In 1912, Plecker became the first registrar of Virginia's newly created Bureau of Vital Statistics, a position he held until 1946. An avowed white supremacist and advocate of eugenics, he became a leader of the Anglo-Saxon Clubs of America in 1922. He wanted to prevent miscegenation or marriage between races and thought that a decreasing number of Mulattoes, as classified in the census, meant that more were passing as white. With the help of John Powell and Earnest Sevier Cox, Plecker drafted, and the state legislature passed the "Racial Integrity Act of 1924". It recognized only two races, "white" and "colored" (black).

It essentially incorporated the one-drop rule, classifying as "colored" any individual with any African ancestry. This went beyond existing law, which classified persons as white with one-sixteenth (equivalent to one great-great-grandparent) or less Black ancestry.  Plecker particularly resented Negroes who passed as Indians and came to firmly believe that the state's Native Americans had been "mongrelized" with its African American population.  After the American Civil War, Native Americans from all over the country had been brought to the Hampton area to be educated with Blacks, and some had married. However, the Indian school closed as racial discrimination against Indians, and this eugenics movement grew.

He refused to recognize that many mixed-race Virginia Native Americans had maintained their culture and identity as Indians over the centuries despite economic assimilation. Plecker ordered state agencies to reclassify most citizens who claimed Native American identity as "colored," although many Virginia Indians had continued in their tribal practices and communities. Church records, for instance, continued to identify them as Indians. Specifically, Plecker ordered state agencies to reclassify certain families he identified by surname, as he had decided they were trying to pass and evade segregation.
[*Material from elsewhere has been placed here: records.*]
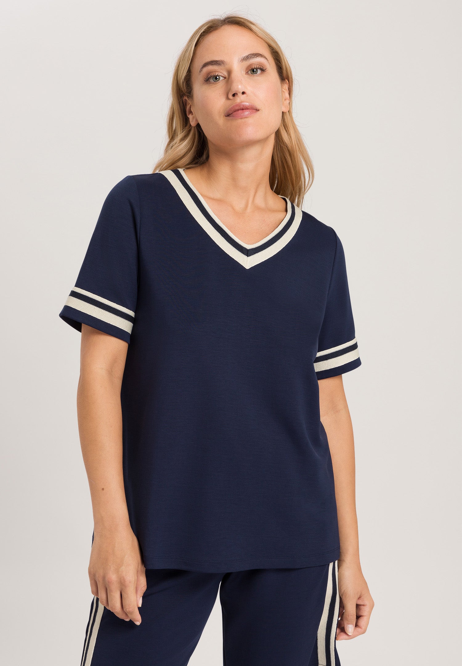 HANRO Madeleine Tencel V-Neck Top Deep Navy | Womens Women’s Tops
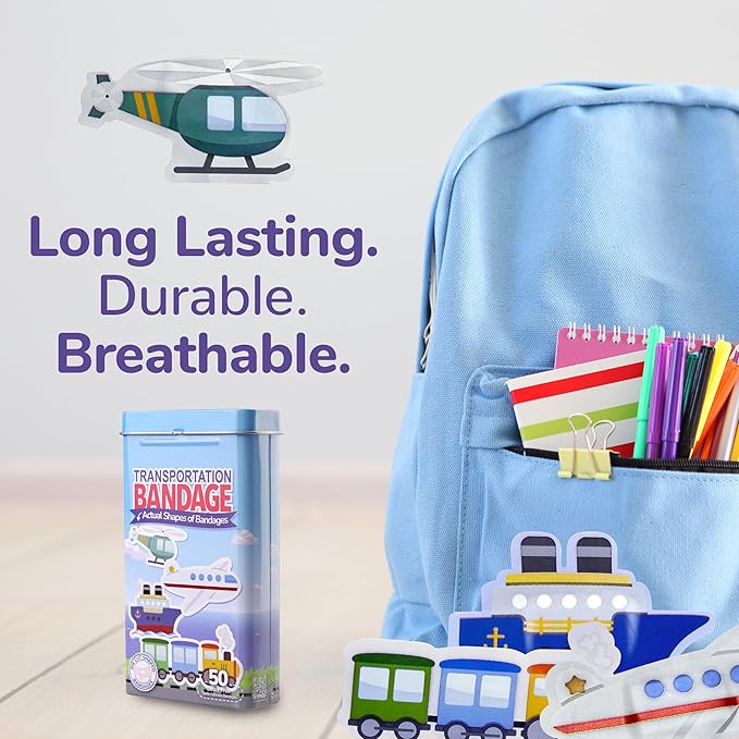 - TRANSPORTATION BANDAGES: This 50 piece pack of adorable vehicle shaped bandages is great for putting a smile on kids' faces while protecting wounds such as cuts, scrapes, and burns and comes in an assortment of boat, airplane, train, and helicopter shapes; sticky bandages are perfect for kids and adults alike, and also for school nurses and pediatric doctors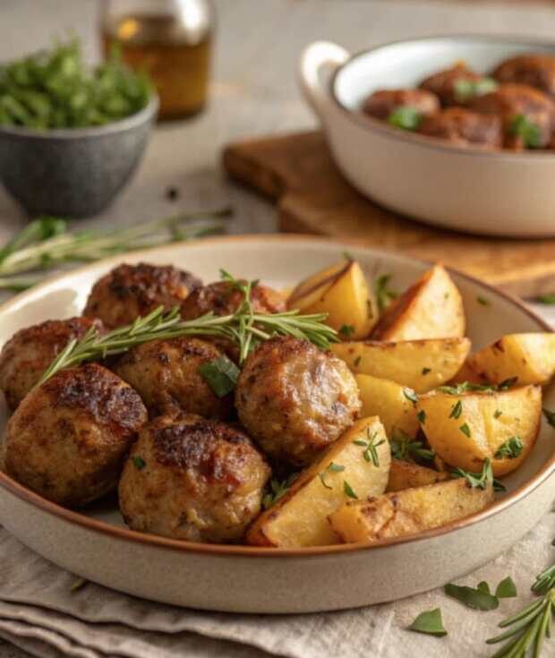 Greek Meatballs with potatoes A quick and easy recipe for traditional and fluffy meatballs with oven roasted potatoes. These traditional greek meatballs with oven-roasted potatoes are packed with the flavors of the Mediterranean. Crockery & ingredients love using—find them all here:My Mediterranean Greek Pantry 2 pounds lean ground beef2 small onions, finely chopped2 garlic cloves, minced ...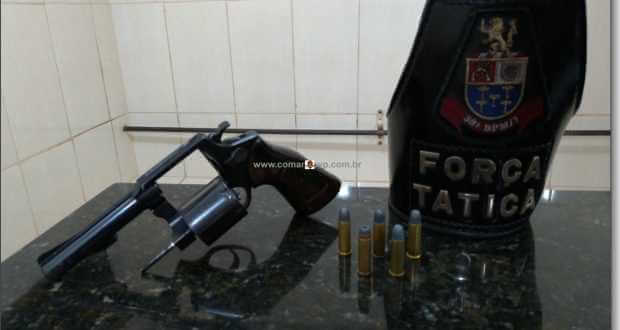 Segundo informações,  policiais militares da Força Tática  receberam denúncia que no local um indivíduo suspeito de participar de crimes  teria arma de fogo.  Os policiais comandados pelo sargento Strozze foram ao local e fizeram contato com D.C.S, de 34 anos, o mesmo negou participação em crime, mas a arma foi localizada na sala. O mesmo disse que comprou a arma por R$ 3.000, 00.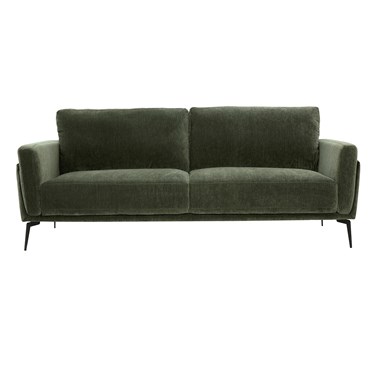 Le canapé design MOSCO s'habille de vert grâce à un joli tissu effet velours vert kaki (100% polyester). Cette couleur lumineuse et naturellement chaleureuse s'accorde facilement avec tous les styles de décoration. Ses quatre pieds hauts en métal noir (H17 cm) viennent ajouter à l'ensemble une touche moderne et chic.
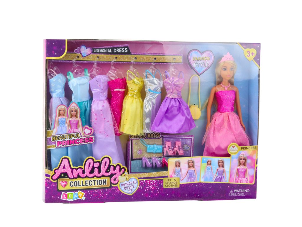 LALKA ANLILY Z KOLEKCJĄ 8 SUKIENEK BUTAMI I TOREBKAMI Lalka Anlily z kolekcją sukienek i dodatków to doskonały zestaw dla dzieci, które uwielbiają modę, kreatywną zabawę i stylowe przebieranki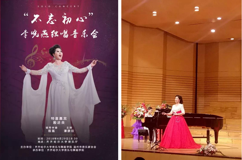 6月29日晚,“嫩水情思,不忘初心”——李晓燕教授独唱音乐会在sunbet申搏官方网站音乐厅成功举行。本场音乐会无扩音演唱,给齐齐哈尔音乐爱好者带来一场高雅音乐盛宴。虽然没有用麦克但李晓燕教授清澈嘹亮、充满张力的声音回荡在整个音乐厅。

He also lobbied the US Census Bureau to drop the category of "mulatto" in the 1930 and later censuses. This deprived mixed-race people of recognizing their identity and contributed to a binary culture of hypodescent. Mixed-race persons were often classified as the group with lower social status. Not until the 21st century did the census allow individuals to indicate more than one race or ethnic group in self-identification. Plecker was hit by a car crossing Richmond Street and died on August 2, 1947.  He is buried beside his wife in Hollywood Cemetery in Richmond, VA. In 1967, the United States Supreme Court invalidated the law in Loving v. Virginia. His ordering state agencies to reclassify certain families he identified by surname remained legal in the South until federal legislation in the 1960s.

Plecker's racial policies continue to cause problems for descendants of what is now sometimes called the First Virginians (FFV). Members of eight Virginia-recognized tribes struggle to achieve federal recognition because they cannot prove their continuity of heritage through historical documentation, as federal laws require. Encountering European Americans first during the colonial period, the tribes had treaties mostly with the King of England rather than the United States government. His policies destroyed and altered records that individuals and families need to show cultural continuity as Indians. In 2007, the House of Representatives passed a law to recognize the Virginia tribes at the Federal level, but the Senate has yet to pass it into law.